On the other hand, this hyperlink involving tonic PI3K signalling and MYC expression has not been described within this publication. Interestingly, within this study treatment of BL lines with BKM120, a PI kinase inhibitor in clinical trials, or rapamycin, an inhibi tor from the mTORC1 complicated, was toxic to most BL lines just after 4 days. Thus, their rapamycin signature has to be taken into account for future mTOR kinase assay investigations. Surpris ingly, IKK2 inhibition was linked with a considerably stron ger IgM mediated suppression of MYC expression. Therefore, we observed a suppressive function of tonic IKK2 activity onto MYC expression in BL2 cells. This sheds new light onto the regulation with the ab errant expression of MYC.
Optimistic and negative signals from PI3K, MAPK and NF kB pathways can now be investigated in additional detail for example so as to delin eate differences between BLs and DLBCLs characterized by a high Myc index or MYC break. A comparable effect of PI3K inhibition as described for MYC is observed also for BCL6, LEF1 and BCL9. How ever, as for MYC, the expression additional resources of BCL6 or BCL9 is currently impacted to some extend by Ly294002 in un stimulated BL2 cells. Therefore, it is difficult to interpret these information for BCL6 and BCL9 towards the end. We speculate that combinations of pathways are involved in both basal and IgM mediated gene expression. In Figure 7A a scheme summarizes the principle effects of kinase inhibition observed just after IgM therapy. As already noted above, in some instances the remedy of cells with inhibitors is linked with an enhanced activation or inhibition of respective genes.

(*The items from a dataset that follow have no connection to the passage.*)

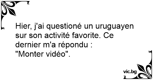 Hier, j'ai questioné un uruguayen sur son activité favorite. Ce dernier m'a répondu :
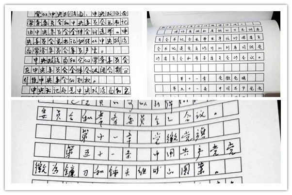 在抄寫《黨章》活動中,老同志們懷著對黨的深厚感情和敬畏之心,認真學習,認真抄寫。享受政府津貼的高級工程師秘華年同志抄寫的黨章,字體端正、頁面整潔。88歲高齡的邵汝澤同志,懷著對黨的深厚感情,完成了手抄黨章;86歲高齡的家屬黨員朱連君同志,文化不高,仍然認真抄寫,將抄寫本的正反兩面全部抄滿;退休干部劉寶元同志用毛筆小楷抄寫黨章,他說:“抄黨章活動讓我們老黨員退休生活很充實,人說眼過千遍不如手抄一遍,在抄寫過程中,我對《黨章》內容又重新學習了一遍。”在他的帶動下,兒子劉紅軍一筆一劃從頭到尾工工整整抄完了黨章。
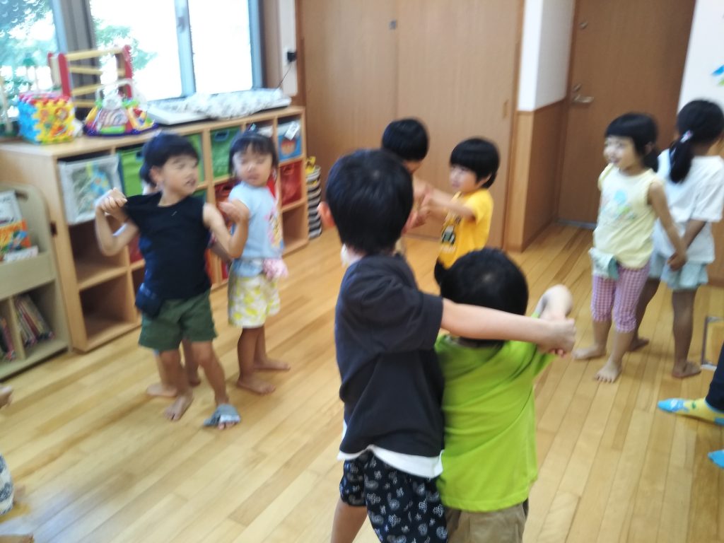 「あめこんこん、ふるなよ~」の歌に合わせて、目隠ししている子の周りにみんなで円を作り、グルグル回ります。歌が終わった時に、目隠ししている子の後ろにいる子が動物の鳴きまねをします。目隠ししている子が、動物の鳴きまねをした子が誰かをあてる遊びです。
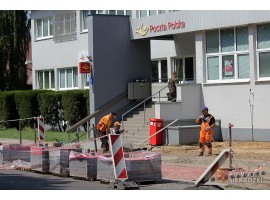Prace drogowe, które widać na chodniku przy Poczcie Polskiej przy ul. Żwirki i Wigury w Sieradzu, to wymiana starych płyt chodnikowych na kostkę. Ładniej ma być też przed sieradzkim Pałacem Ślubów.
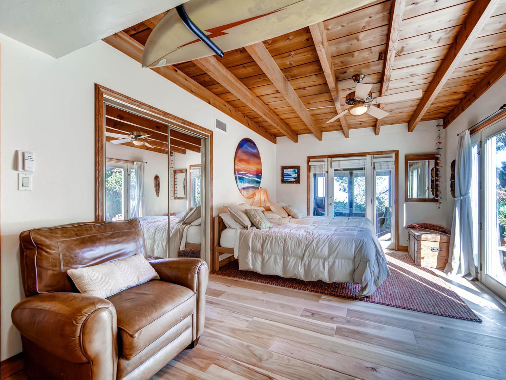 Del Mar Retreat on 2/3 Acre-Canyon, Ocean and Mountain views. Outdoor jacuzzi! Enjoy this special vacation home among the Torrey Pines in Olde Del Mar with ocean and canyon views, close to all, however with privacy and serenity. This beautifully furnished home accommodates 6 with 1 king sized bed, and 1 queen sized bed and two long twin beds. The open beam wood paneled living room offers a cozy...
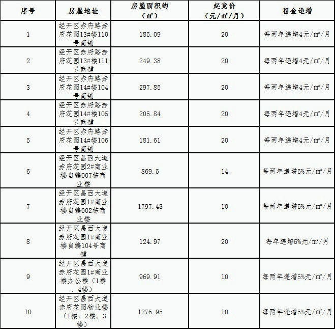 赤府花園安置房小區房屋租賃競拍規則
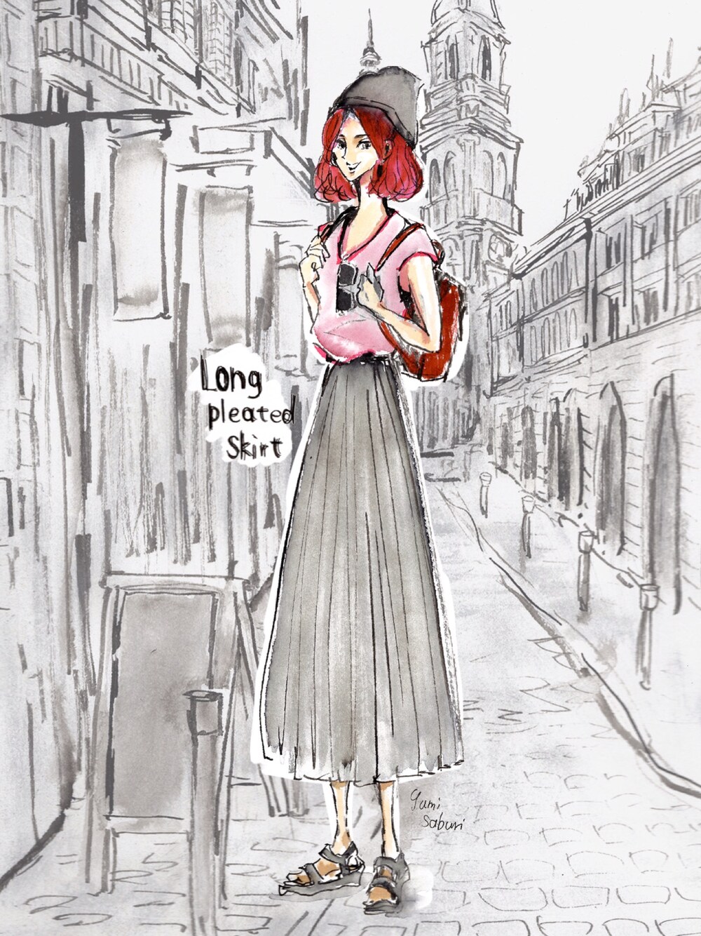 今年の流行りのロングプリーツスカート♡やっぱりグレーが便利で好き♡
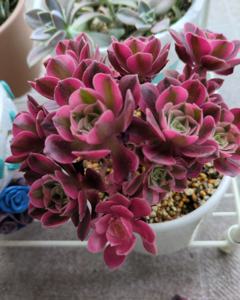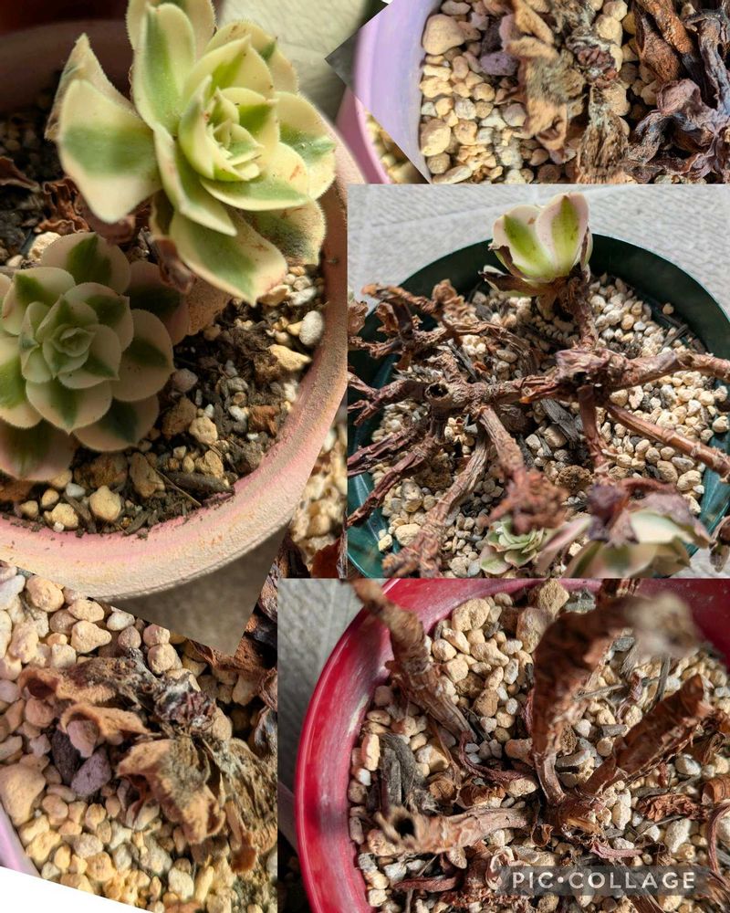 枯れる前のピンクウィッチさん達猛暑を乗り越えられず枯れてしまったピンクウィッチ達去年も枯れ今年こそはと沢山春にお迎えして水も控え夏越しをと頑張ったけど全てかれました!枯れる前のウィッチさん達(枯れ果てた鉢5枚目)
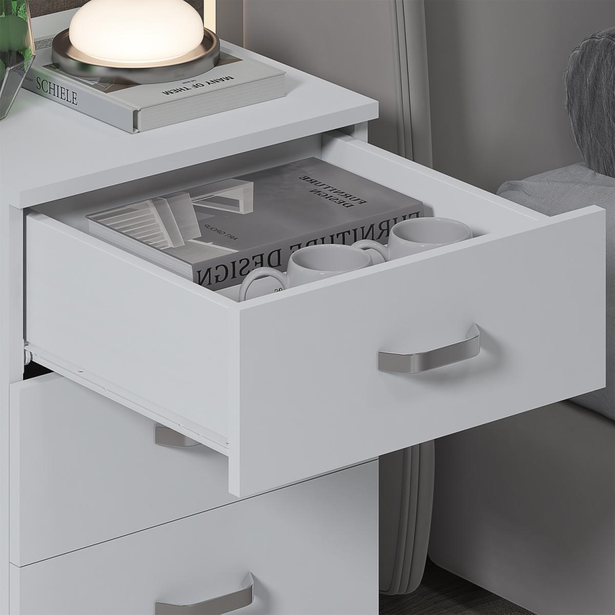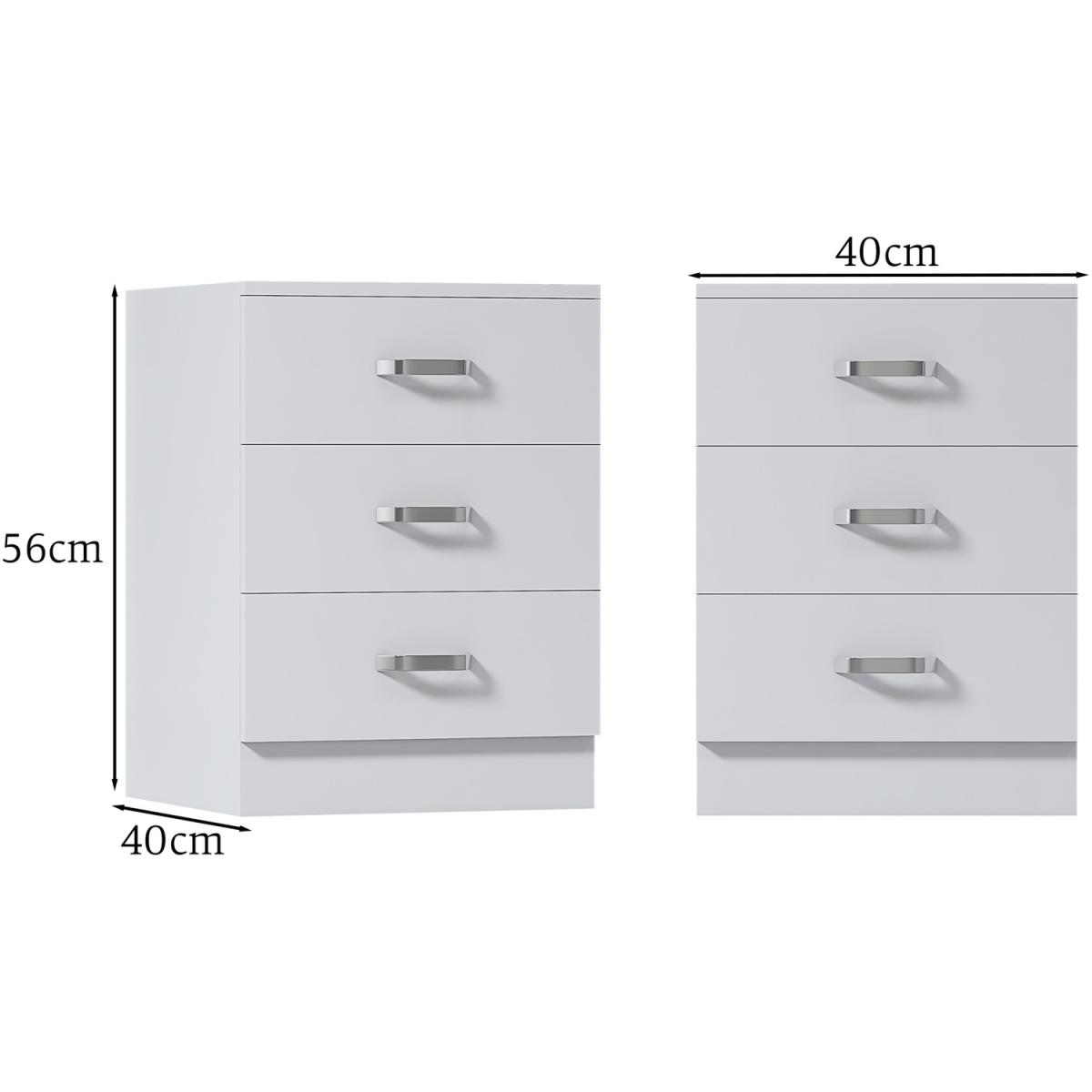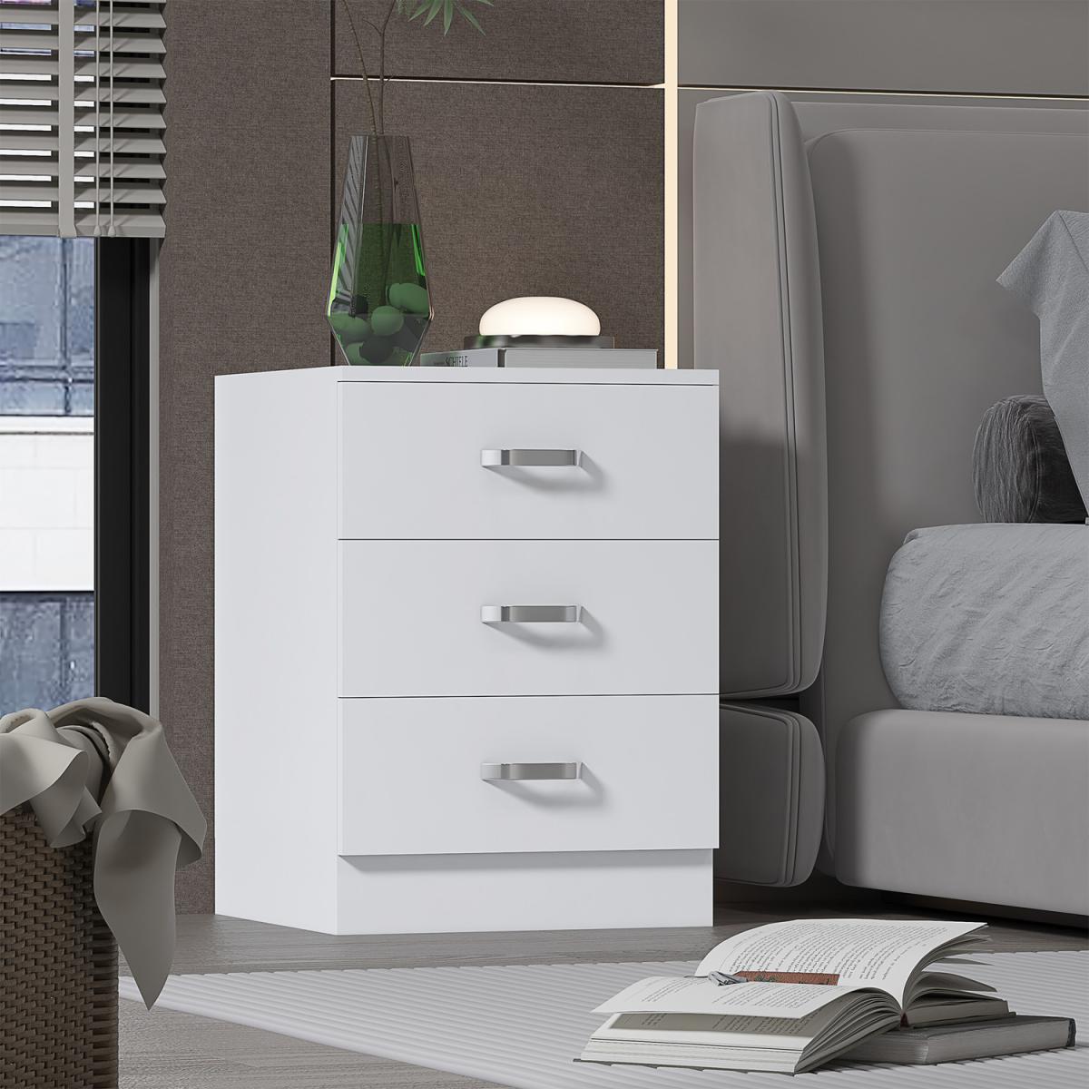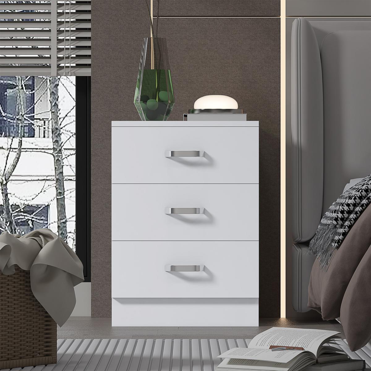Introducing the Tunis 3 Drawer Bedside Chest in a sleek and sophisticated Matt Finish. Designed to maximize storage while minimising floor space, this bedside chest is perfect for those seeking a stylish storage solution. The Tunis bedside chest features a contemporary design with clean lines, making it a versatile addition to any modern or minimalist interior. Its slim profile allows it to fit seamlessly into narrow spaces, corners, or alongside other furniture pieces without overwhelming the room. Crafted with quality in mind, this bedside chest boasts three spacious and deep drawers, providing ample storage for your clothing, accessories, or any other items you wish to keep organised. The drawers effortlessly glide open and closed, thanks to the smooth metal runners, ensuring easy access and a hassle-free user experience.
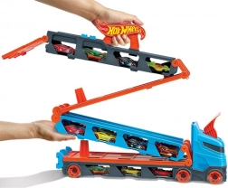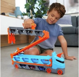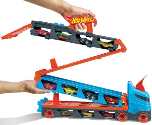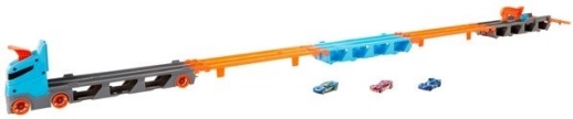 Premeň kamión behom chvíľky na plnohodnotnú závodnú trať. Transportér ukrýva až 20 autíčok za priehľadnými okienkami, takže máš zbierku stále na očiach. Po zatiahnutí za rukoväť sa náves rozloží do dvojprúdovej trate dlhej 1,8 m, zatiaľ čo kabína sa zmení na dvojitú vystreľovaciu stanicu pre férové štarty.
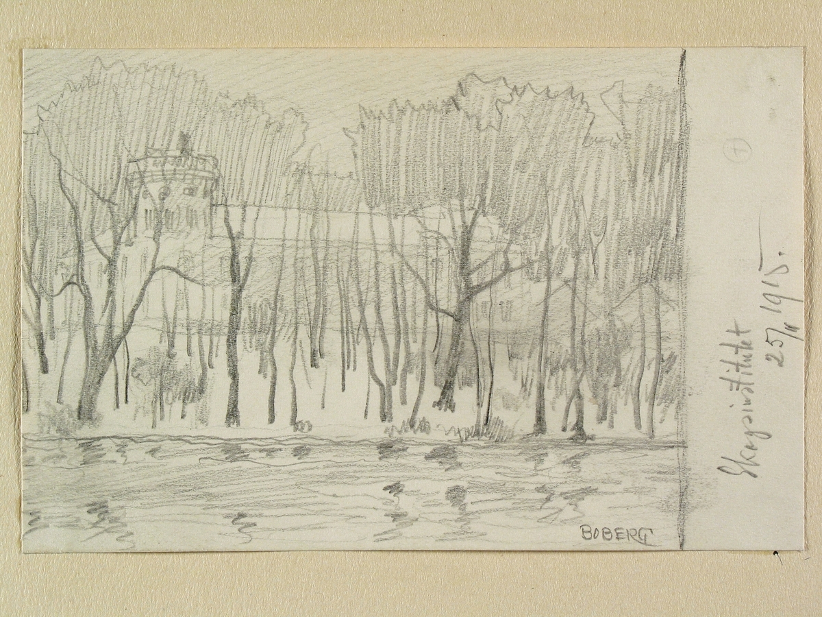 Teckning av Ferdinand Boberg. Stockholm, Östermalm, Kv. Legationssekreteraren, Strandvägen 58, f.d. Skogsinstitutet
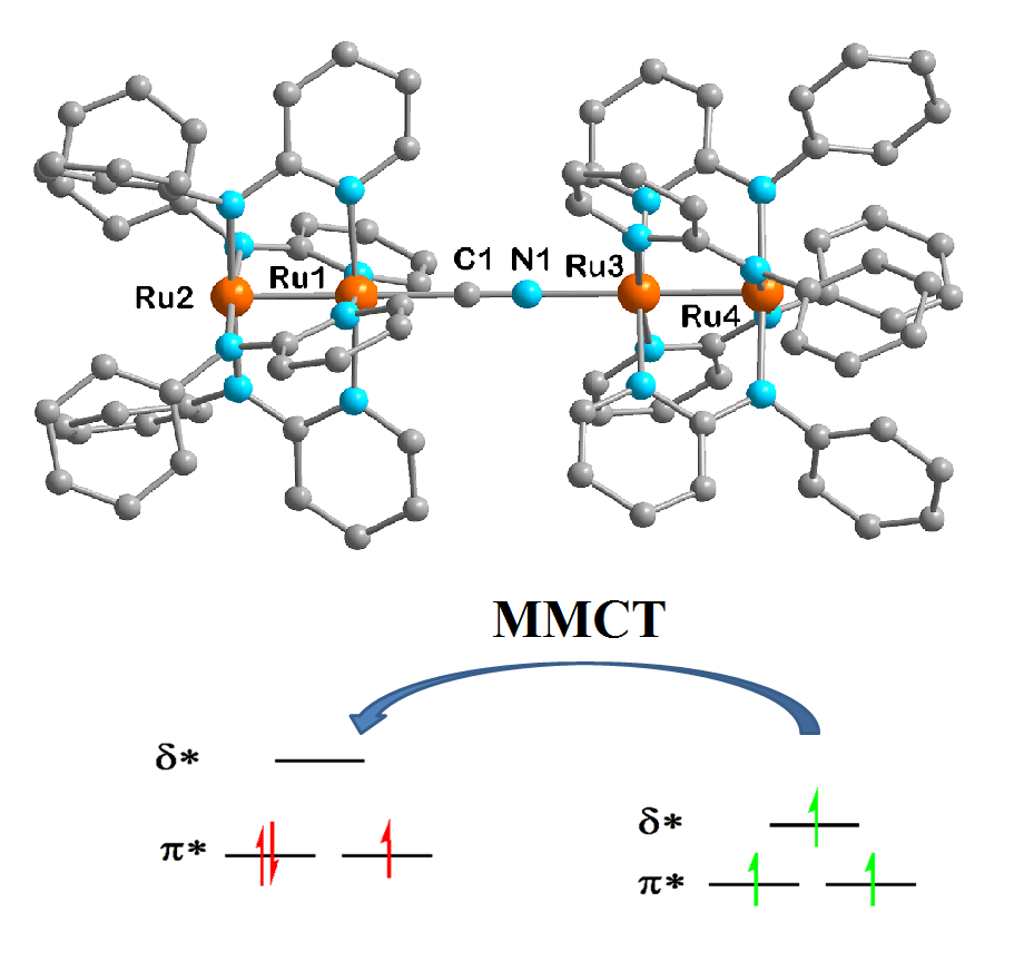 在中科院战略性先导科技专项和国家自然科学基金的资助下,中国科学院福建物质结构研究所、结构化学国家重点实验室吴新涛院士研究组盛天录研究员等人在前期氰桥混合价化合物及其金属—金属电荷转移(MMCT)的研究基础上,以混合价双核钌簇单元(Ru2V(ap)4)为基元,合成并详细表征了首例混合自旋氰桥四核钌化合物[Ru2(ap)4-CN-Ru2(ap)4](BPh4),林晨升副研究员通过理论计算解释了该混合自旋态形成的原因。研究表明,在该化合物中,与氰桥碳端相连的Ru2片段的自旋态为S=1/2的低自旋态,而与氰桥N端相连的Ru2片段的自旋态为S=3/2的高自旋态。紫外可见吸收光谱分析和TDDFT计算表明,在该化合物中存在由高自旋簇单元Ru2V(ap)4(S=3/2)向低自旋簇单元Ru2V(ap)4(S=1/2)的电子转移,这是具有相同价态但不同自旋态金属簇单元间MMCT的首次报道。相关研究结果发表在《德国应用化学》杂志(Angew. Chem. Int. Ed. 2019, 58, 15344 –15348),论文的第一作者是吴新涛院士和盛天录研究员共同指导的博士生苏少东。
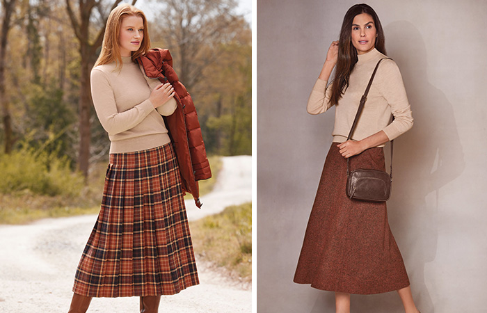 Create effortless monochrome outfits with the combination of rust and natural colours that blend with and complement each other. Choose your favourite from our checked pleated skirt or Donegal panel skirt and pair it with our pebble-coloured merino turtleneck. With wonderful seasonal warm russet colours, the fabric for this fully lined classic pleat skirt is woven in a British heritage mill. Alternatively, our new style fully lined tweed skirt has a gentle flare from a hip side panel.
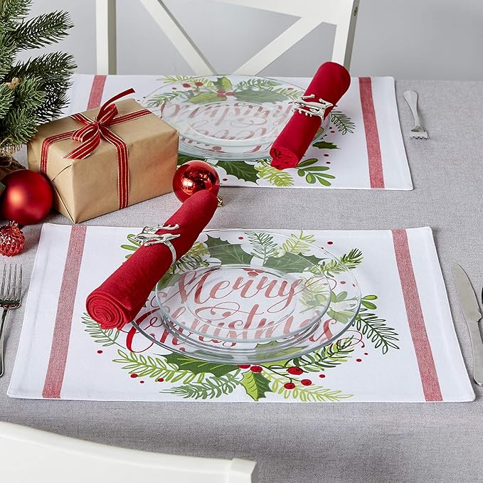 DII Boughs of Holly Collection Decorative Holiday Dining Table & Kitchen Décor, Placemat Set, 13x19,Christmas Greenery, 6 Count
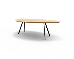 Met een organische vorm waag je de sprong in het diepe en kies je voor echt iets origineels. De kiezelvorm leent zich perfect voor een grote, opvallende tafel. Kies uit verschillende kleuren en soorten eiken.
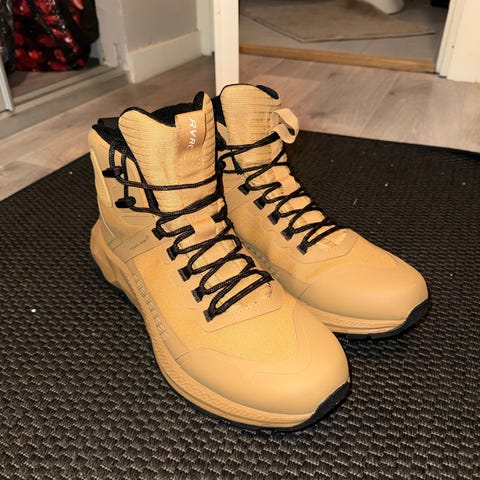Vuosi sitten tilatut revolutionrace vedenpitävät dijon värissä olevat kengät. Koko 44.

For ex ample remedy of cells with Ly294002 led to a stron ger activation of EGR2 or CCR7 by IgM remedy. Comparable effects are observed for IKK2 inhibition for SLAMF3 and ID3, for p38 or JNK inhibition analysing SGK1, ID3 or PYGO1 respectively. In Figure 7B a respective sum mary of most important IgM enhancing effects soon after inhibition of distinct kinases is shown, like effects of these inhibitors onto the basal expression levels of analysed genes as by way of example MYC or BCL9.